Multiple colleagues rose to support Smith’s bill on Monday afternoon.
“This is a billion dollar black market built on murder,” Rep. Brian Mast (R-Fla.), chairman of the House Foreign Affairs Committee, said. “It’s a direct assault on every principle of human dignity and decency.”
To the perpetrators in “this depraved industry,” he said, the bill sends a message: “We are coming after you.”
“A human body is not a currency. It’s not a commodity. It’s never for sale,” he later added.
“Forced organ harvesting is pure evil—if we don’t act, we will be considered complicit.”
Rep. Johnny Olszenwski (D-Md.) urged other lawmakers to join him in support of both bills.
“Shining a spotlight on these crimes and the people that perpetrate them, while advancing accountability, is essential,” he said in a speech.
He added that the reporting requirement in the Falun Gong Protection Act will help Congress understand “the scope of these terrible abuses” and address them more effectively.
While the two bills passed the House during the last Congress, the Senate didn’t take action.
Perry and Smith have been speaking out for years about forced organ harvesting, and both have found it vexing how long it has taken for the measures to get through both chambers.
“In this same period of time, it’s unknown to us how many people have been affected by this forced organ harvesting program by the Communist Party of China. We will probably never know that,” Perry said.

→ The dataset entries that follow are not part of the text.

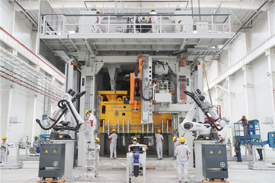 车身车间采用德国库卡和日本发那科装备,运用数字化双胞胎技术,在行业首创生产数据跨车间协同,是世界先进的高端智能“黑灯工厂”。
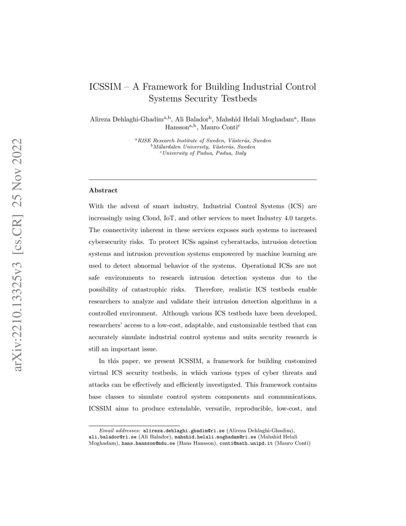 With the advent of smart industry, Industrial Control Systems (ICS) are increasingly using Cloud, IoT, and other services to meet Industry 4.0 targets. The connectivity inherent in these services exposes such systems to increased cybersecurity risks. To protect ICSs against cyberattacks, intrusion detection systems and intrusion prevention systems empowered by machine learning are used to detect abnormal behavior of the systems. Operational ICSs are not safe environments to research intrusion detection systems due to the possibility of catastrophic risks. Therefore, realistic ICS testbeds enable researchers to analyze and validate their intrusion detection algorithms in a controlled environment. Although various ICS testbeds have been developed, researchers' access to a low-cost, adaptable, and customizable testbed that can accurately simulate industrial control systems and suits security research is still an important issue. In this paper, we present ICSSIM, a framework for building customized virtual ICS security testbeds, in which various types of cyber threats and attacks can be effectively and efficiently investigated. This framework contains base classes to simulate control system components and communications. ICSSIM aims to produce extendable, versatile, reproducible, low-cost, and comprehensive ICS testbeds with realistic details and high fidelity. ICSSIM is built on top of the Docker container technology, which provides realistic network emulation and runs ICS components on isolated private operating system kernels. ICSSIM reduces the time for developing ICS components and offers physical process modelling using software and hardware in the loop simulation. We demonstrated ICSSIM by creating a testbed and validating its functionality by showing how different cyberattacks can be applied.
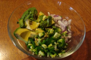 Combine the avocado, onion, cilantro, and jalapeno in a bowl. Season with salt and pepper, then add the lime juice.
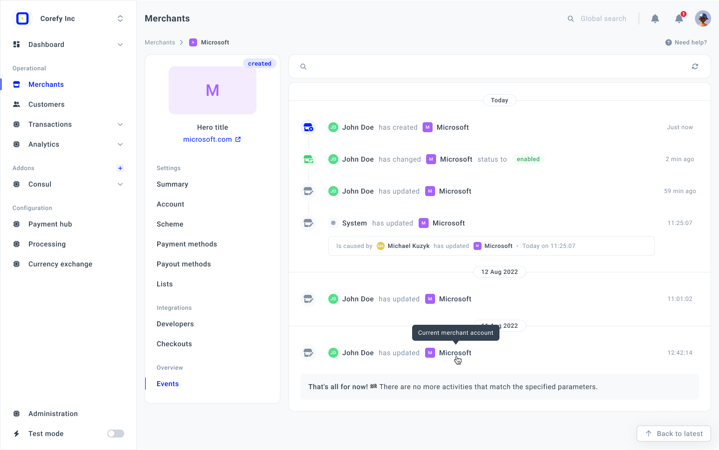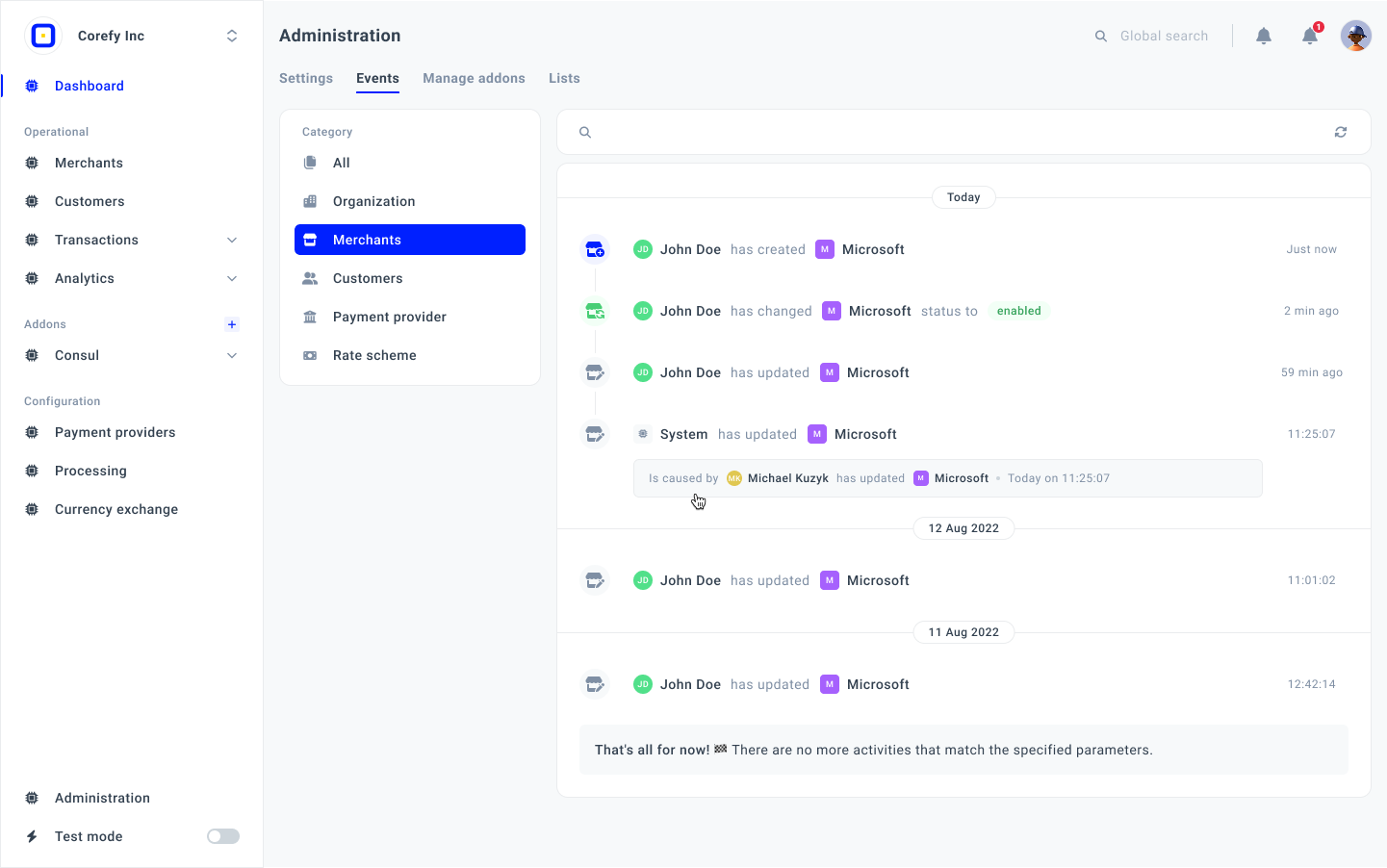 - Go to the Events tab and track all the activities you (as a particular user) perform in all the Organisations.
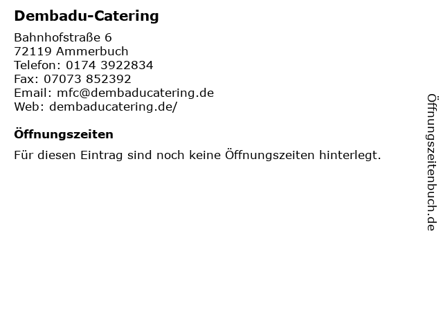 | Öffnungszeiten Dembadu-Catering in Ammerbuch anzeigen | |
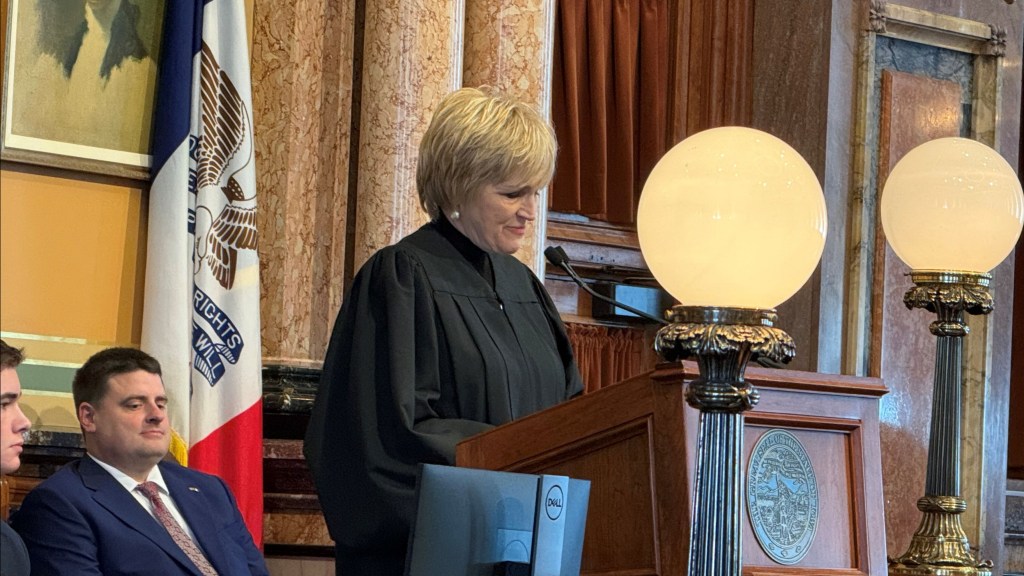 Chief Justice Susan Christensen followed with the Condition of the Judiciary address, highlighting challenges facing Iowa’s court system and urging lawmakers to address judicial salary levels, shortages of court-appointed attorneys, and modernization of the magistrate system to improve efficiency and fairness.
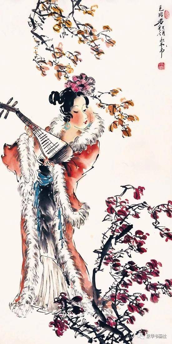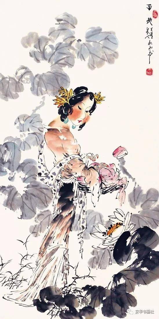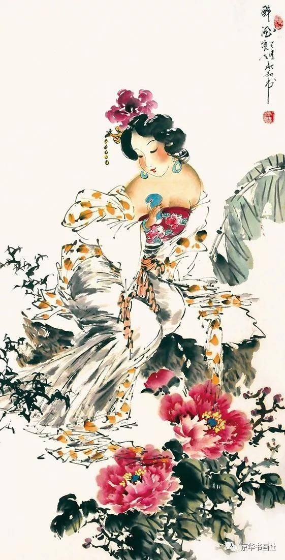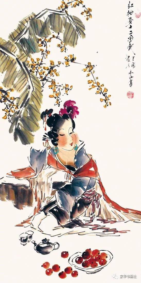 《红楼梦中人》系列则转向写意风格,梁永和以“以形写神”为核心,用简练笔墨捕捉人物最本质的精神特质。他画熙凤,仅用几笔阔达线条勾勒身形,墨色浓淡对比强烈,眉眼间以重墨点染,既显其“粉面含春威不露”的精明,又藏权力场中的疲惫;画妙玉,以淡墨渲染竹林背景,人物身着素白僧衣,笔墨简洁却气场清冷,完美诠释“欲洁何曾洁”的矛盾心境。在人物刻画细节上,梁永和形成了极具辨识度的“三笔定形”技法:一笔从眉峰至鼻梁的线条定风骨,一笔断弧线绘眉眼柔情,一笔下颌轮廓显脸型,最后以两点朱红点出嘴唇,简约却精准传神。这种技法在《红楼梦中人·湘云醉卧》中尤为明显,仅寥寥数笔,便将湘云醉卧芍药丛的憨态、嘴角流露的笑意刻画得淋漓尽致,笔墨间充满生活气息与生命活力。

“This isn’t going to be the complete answer to it, but the United States has to speak loudly about this issue, and this is a step in that direction.”
It takes time to educate people about what’s happening, he said.
However, each time he brings up the bill, some more colleagues become aware of the issue.
“Your first reaction is horror, that this is actually happening. And then, your second reaction is, why isn’t somebody doing something about this? Like, how can this be? And so, it becomes your duty, I think, at some point,” he said.